Tori Olsen’s Oct. 5 Twitter post was equally disgusting with a mystery pasta dish, orange and roll.

Haleigh also posted a picture of her lunch last Thursday that looked like a single tortilla with some cheese.

The problem with bad lunches is so perverse the news site Bustle compiled a whole story on the rubbery pizzas, tasteless burger patties, “mystery mush,” and other concoctions schools are passing off as “healthy” meals.

In some of the images, students are actually holding their plates upside down with their food clung to the plate.

And there’s undoubtedly a lot more frustrated students than the small percentage who take the initiative to post pictures of their disappointing lunch and breakfast meals.

“Every school day, more than 26 million children in 99,800 schools across the country eat a nutritionally balanced, low-cost or free lunch provided through the National School Lunch Program,” the Journal reports. “More than half of these children receive the meal free or at a reduced price.”

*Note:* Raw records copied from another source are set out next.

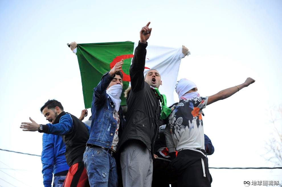 11號晚間,在阿爾及利亞總統包特夫里卡宣布退選後,民眾開心地舉著阿爾及利亞國旗上街慶祝。(03/12新增)
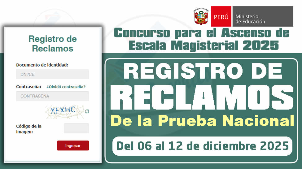 Ascenso 2025: Presentación de reclamos por parte del postulante sobre el puntaje obtenido en la Prueba Nacional | Del 06 al 12 de diciembre de 2025
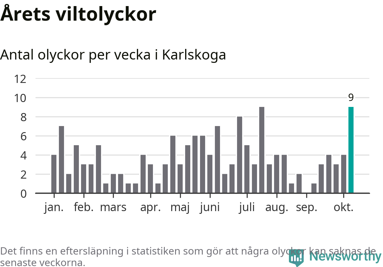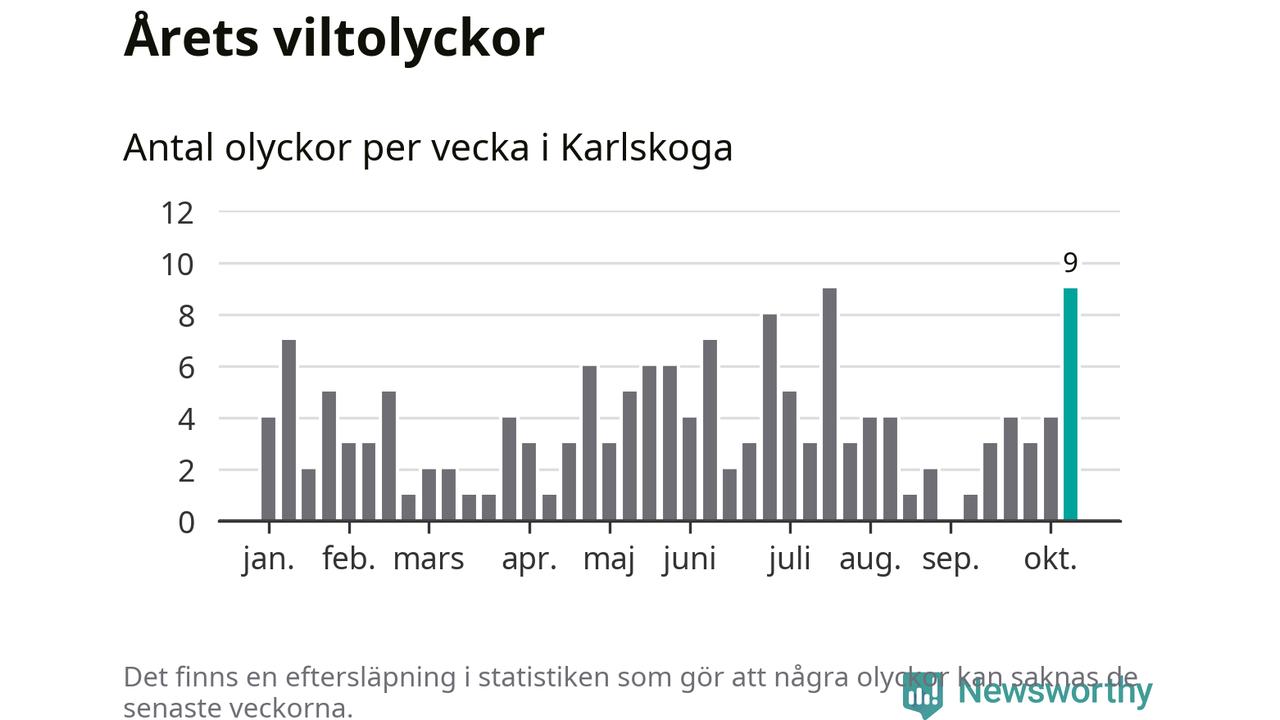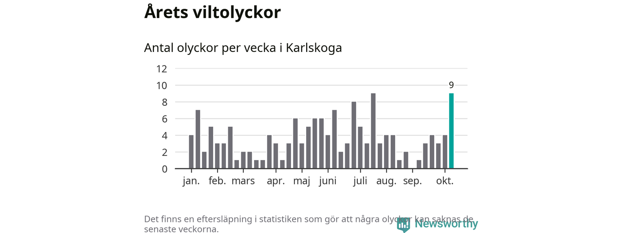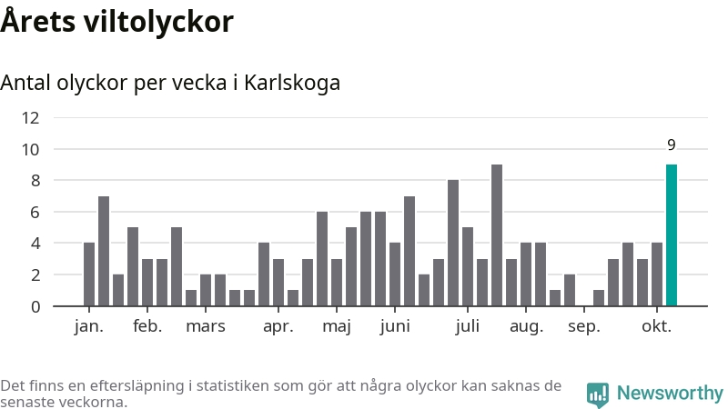 152 viltolyckor i kommunen. Det är mer än genomsnittet för motsvarande period (omkring 124) de senaste tio åren.
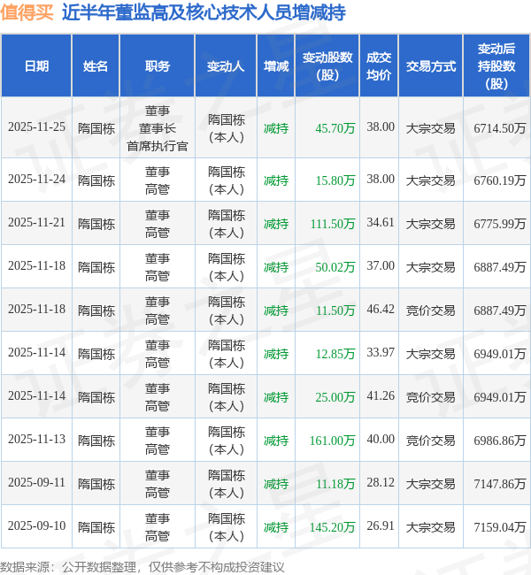 证券之星消息,根据11月26日市场公开信息、上市公司公告及交易所披露数据整理,值得买(300785)最新董监高及相关人员股份变动情况:2025年11月25日公司董事,董事长,首席执行官隋国栋共减持公司股份45.7万股,占公司总股本为0.2298%。变动期间公司股价上涨8.94%,11月25日当日收盘报51.2元。
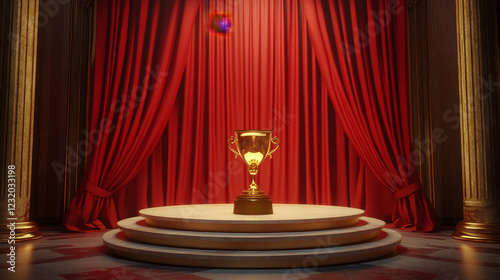 Golden Trophy cup stand on round podium. On Red curtians stage background.
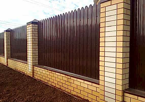 Столбики из металла обходят кирпичами, благодаря чему образуются «тумбы». Сверху устанавливаются колпаки из металла или пластика. Различий по большому счету нет, везде Пин Ап свои плюсы и недостатки. Нет ничего идеального!
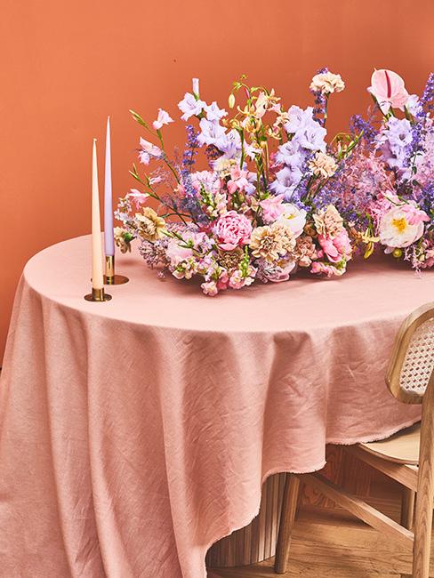 dekoracja stołu z różami i lnianymi serwetkami na garden party
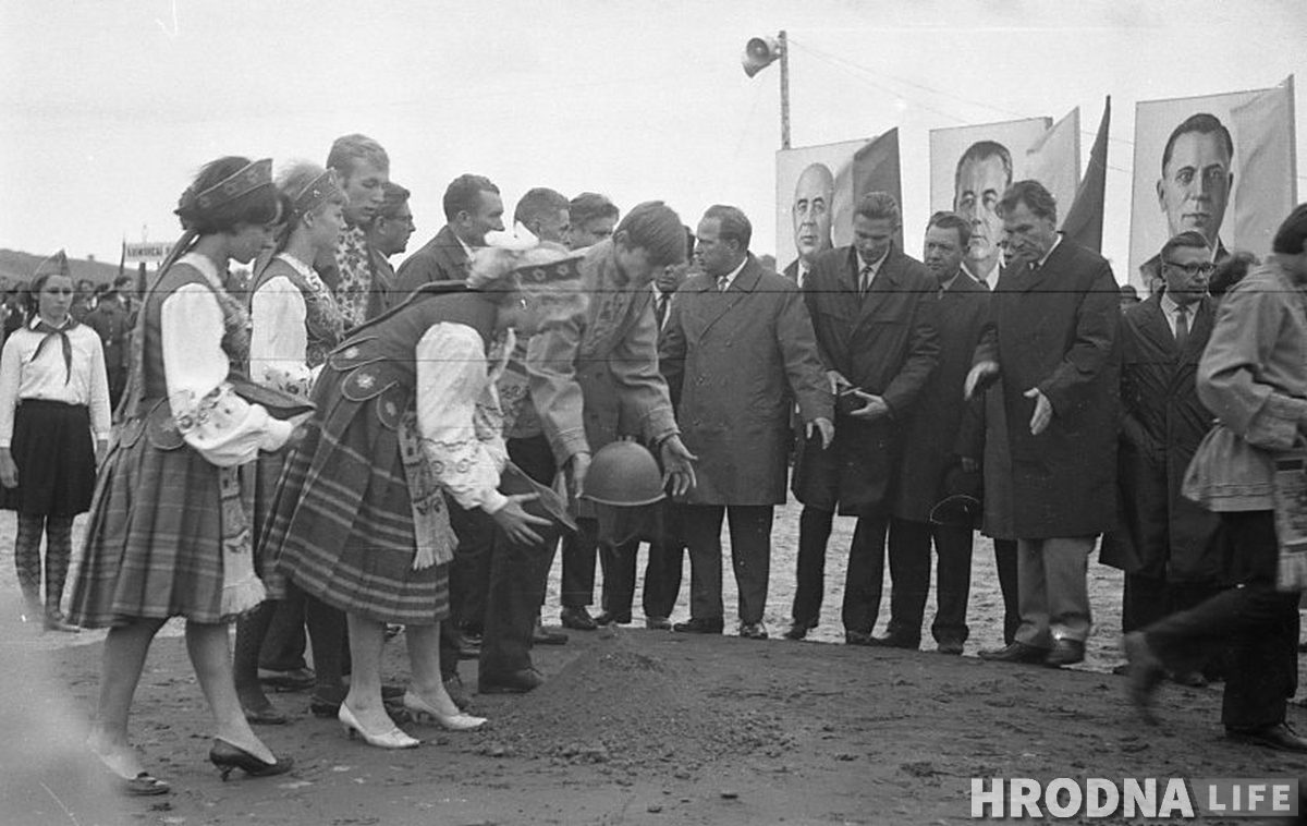Закладка капсулы ля Кургана Славы ў Гродне, 1969 год. Капсулу засыпаюць зямлёй, прывезенай з розных раёнаў Гродзеншчыны
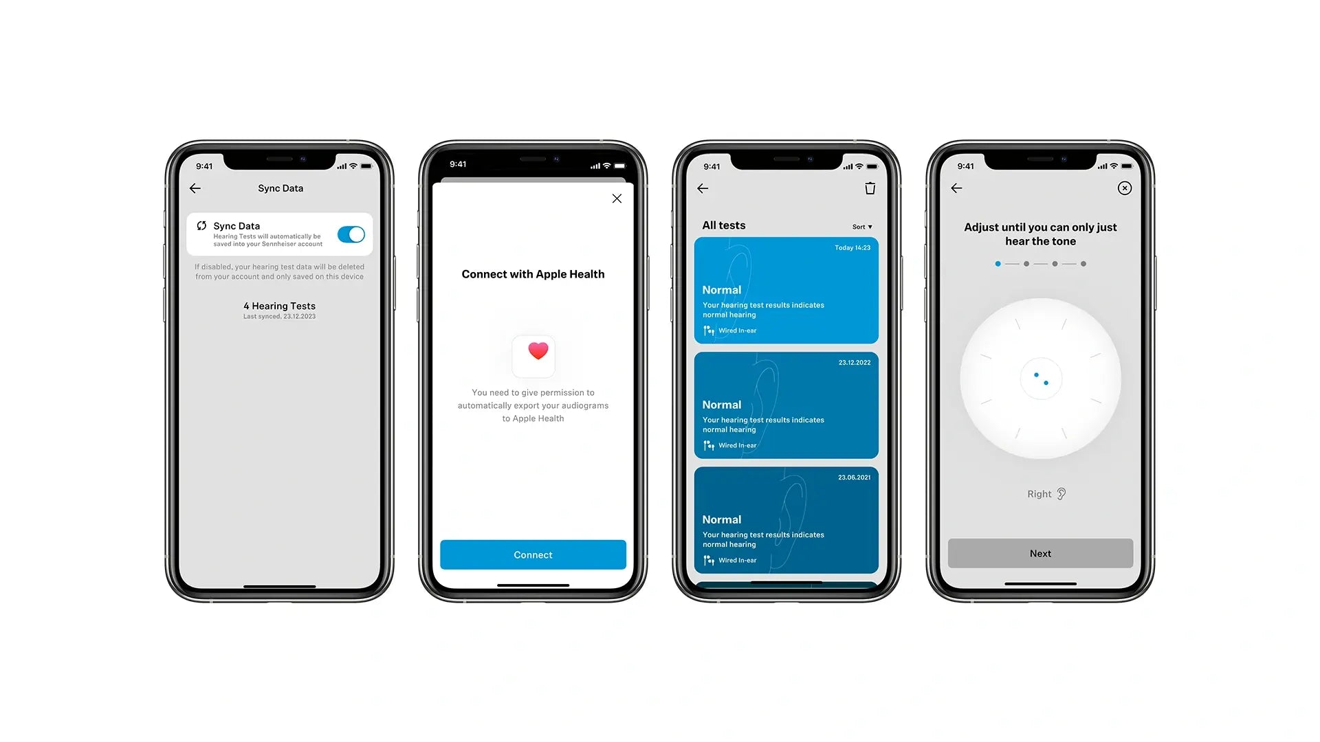Tài khoản Sennheiser cũng mở khóa các tính năng bổ sung như nhắc nhở thực hiện một bài kiểm tra khác và khả năng đồng bộ hóa thính lực đồ với Apple Health: điều này cung cấp cho người dùng iOS cái nhìn toàn diện, nơi họ có thể theo dõi sức khỏe thính giác của mình tại một nơi cùng với các biện pháp đo lường sức khỏe khác.

Across the United States, more than 1.2 million students have dropped out of the National School Lunch Program since the stringent federal restrictions on calories, fat, sugar, sodium, whole grains, and other nutritional aspects were imposed on schools at the urging of first lady Michelle Obama. Hundreds of whole schools have opted out of the program, and forfeited federal subsidies, to pull their lunch programs from the red and feed students foods they’ll actually eat and appreciate.

Experts also believe the federal requirement that all students take a fruit or vegetable, whether they want it or not, has created $1 billion in added food waste from public schools. Congress was expected to consider relaxing the regulations as part of a renewal of the Healthy Hunger Free Kids Act, as called for by the SNA to combat plummeting lunch revenues and increased food costs, but opted instead to avoid their responsibilities and have allowed the regulations to continue indefinitely.

Michelle Obama, meanwhile, has vowed to fight for her pet project “until the bitter end.”